The alkyl herein refers to a linear, branched, or cyclic alkyl group having 1 to 20 carbon atoms, and specifically, a methyl group, an ethyl group, a propyl group, a butyl group, a pentyl group. Group, hexyl group, heptyl group, octyl group, nonyl group, decyl group, undecyl group, dodecyl group,
Tridecyl group, hexadecyl group, octadecyl group, eicosyl group, isopropyl group, isobutyl group, s-butyl group, t-butyl group, isopentyl group, neopentyl group,
Examples thereof include a 1-methylbutyl group, an isohexyl group, a 2-ethylhexyl group, a 2-methylhexyl group, a cyclohexyl group, a cyclopentyl group, and a 2-norbornyl group. Among them, linear alkyl groups having 1 to 12 carbon atoms, branched alkyl groups having 3 to 12 carbon atoms, and cyclic alkyl groups having 5 to 10 carbon atoms are more preferable. In addition, the aryl referred to herein refers to those composed of one benzene ring, those formed by condensing two or three benzene rings, and those formed by condensing a benzene ring and a 5-membered unsaturated ring. Specific examples include a phenyl group, a naphthyl group, an anthryl group, a phenanthryl group, an indenyl group, an acenabutenyl group, and a fluorenyl group. Of these, a phenyl group and a naphthyl group are more preferred.

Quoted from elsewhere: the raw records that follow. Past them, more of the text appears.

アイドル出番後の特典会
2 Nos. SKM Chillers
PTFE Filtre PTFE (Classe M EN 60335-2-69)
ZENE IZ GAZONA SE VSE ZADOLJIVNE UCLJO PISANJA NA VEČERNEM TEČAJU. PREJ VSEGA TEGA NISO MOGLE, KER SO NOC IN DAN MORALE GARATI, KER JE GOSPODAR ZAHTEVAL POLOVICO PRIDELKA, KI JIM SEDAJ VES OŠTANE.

Examples of the pigment used for the infrared absorbent in the present invention include commercially available pigments and Color Index (CI) Handbook, "Latest Pigment Handbook" (edited by Japan Pigment Technical Association, published in 1977), "Latest Pigment" Application Technology ”(CMC
Publishing, 1986) and "Printing Ink Technology", CMC Publishing, 1984).

The types of the pigments include black pigment, yellow pigment, orange pigment, brown pigment, red pigment, purple pigment,
Blue pigment, green pigment, fluorescent pigment, metal powder pigment, etc.
Polymer-bound dyes. Specifically, insoluble azo pigments, azo lake pigments, condensation azo pigments, chelate azo pigments, phthalocyanine pigments, anthraquinone pigments,
Perylene and perinone pigments, thioindigo pigments, quinacridone pigments, dioxazine pigments, isoindolinone pigments, quinophthalone pigments, dyeing lake pigments,
Azine pigments, nitroso pigments, nitro pigments, natural pigments, fluorescent pigments, inorganic pigments, carbon black and the like can be used.
Preferred among these pigments is carbon black.

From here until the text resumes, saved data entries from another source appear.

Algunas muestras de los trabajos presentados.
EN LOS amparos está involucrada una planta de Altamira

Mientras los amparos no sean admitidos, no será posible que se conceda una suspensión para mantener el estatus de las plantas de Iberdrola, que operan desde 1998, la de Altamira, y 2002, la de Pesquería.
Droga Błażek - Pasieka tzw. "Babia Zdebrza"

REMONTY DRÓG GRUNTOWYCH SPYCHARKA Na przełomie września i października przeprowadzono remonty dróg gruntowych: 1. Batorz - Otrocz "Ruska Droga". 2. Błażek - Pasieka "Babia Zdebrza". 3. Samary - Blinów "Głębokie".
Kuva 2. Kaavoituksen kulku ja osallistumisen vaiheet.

These pigments may be used without surface treatment, or may be used after surface treatment. Examples of the surface treatment include a method of surface coating a resin or wax, a method of attaching a surfactant, and a method of bonding a reactive substance (eg, a silane coupling agent, an epoxy compound, a polyisocyanate, etc.) to the pigment surface. Can be considered. The above surface treatment methods are described in "Properties and Applications of Metallic Soap" (Koshobo),
It is described in "Printing Ink Technology" (CMC Publishing, 1984) and "Latest Pigment Application Technology" (CMC Publishing, 1986).

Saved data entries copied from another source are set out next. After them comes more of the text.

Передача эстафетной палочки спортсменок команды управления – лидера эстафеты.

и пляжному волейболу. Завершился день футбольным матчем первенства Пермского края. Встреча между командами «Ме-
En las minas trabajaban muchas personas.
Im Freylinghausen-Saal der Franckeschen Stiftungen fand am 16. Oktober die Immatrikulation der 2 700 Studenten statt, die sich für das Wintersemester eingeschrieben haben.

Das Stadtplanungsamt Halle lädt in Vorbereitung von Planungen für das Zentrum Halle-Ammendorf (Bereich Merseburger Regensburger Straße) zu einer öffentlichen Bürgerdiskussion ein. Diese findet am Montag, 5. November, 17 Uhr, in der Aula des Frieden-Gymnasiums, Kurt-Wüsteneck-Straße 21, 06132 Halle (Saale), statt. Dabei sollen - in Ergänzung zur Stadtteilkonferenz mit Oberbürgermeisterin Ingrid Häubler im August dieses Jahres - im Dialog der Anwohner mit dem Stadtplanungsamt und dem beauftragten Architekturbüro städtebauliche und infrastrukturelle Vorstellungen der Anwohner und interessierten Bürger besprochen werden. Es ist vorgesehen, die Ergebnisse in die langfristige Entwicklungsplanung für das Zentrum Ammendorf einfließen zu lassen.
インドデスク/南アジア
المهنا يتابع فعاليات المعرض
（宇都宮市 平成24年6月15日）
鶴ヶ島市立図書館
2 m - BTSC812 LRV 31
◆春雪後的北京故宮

The particle size of the pigment is preferably in the range of 0.01 μm to 10 μm, more preferably in the range of 0.05 μm to 1 μm, and particularly preferably in the range of 0.1 μm to 1 μm.
Is preferably within the range. Pigment particle size 0.01μ
If less than 10 m, it is not preferable in view of the stability of the dispersion in the coating solution of the acid-crosslinked layer or the polarity conversion layer.
Is not preferable in view of the uniformity of these recording layers.

As a method for dispersing the pigment, a known dispersion technique used in the production of ink or toner can be used. Examples of the disperser include an ultrasonic disperser, a sand mill, an attritor, a pearl mill, a super mill, a ball mill, an impeller, a disperser, a KD mill, a colloid mill, a dynatron, a three-roll mill, and a pressure kneader. For details, refer to “Latest Pigment Application Technology” (CMC Publishing, 1
986).

These dyes or pigments are used in an amount of 0.01 to 50% by weight, preferably 0.1 to 10% by weight, based on the total solid content of the recording layer.
% By weight, particularly preferably 0.5 to 10% by weight for dyes, and particularly preferably 1.0 to 10% by weight for pigments. If the amount of the pigment or dye is less than 0.01% by weight, the sensitizing effect is insufficient, and if it exceeds 50% by weight, the non-image area tends to be stained during printing. .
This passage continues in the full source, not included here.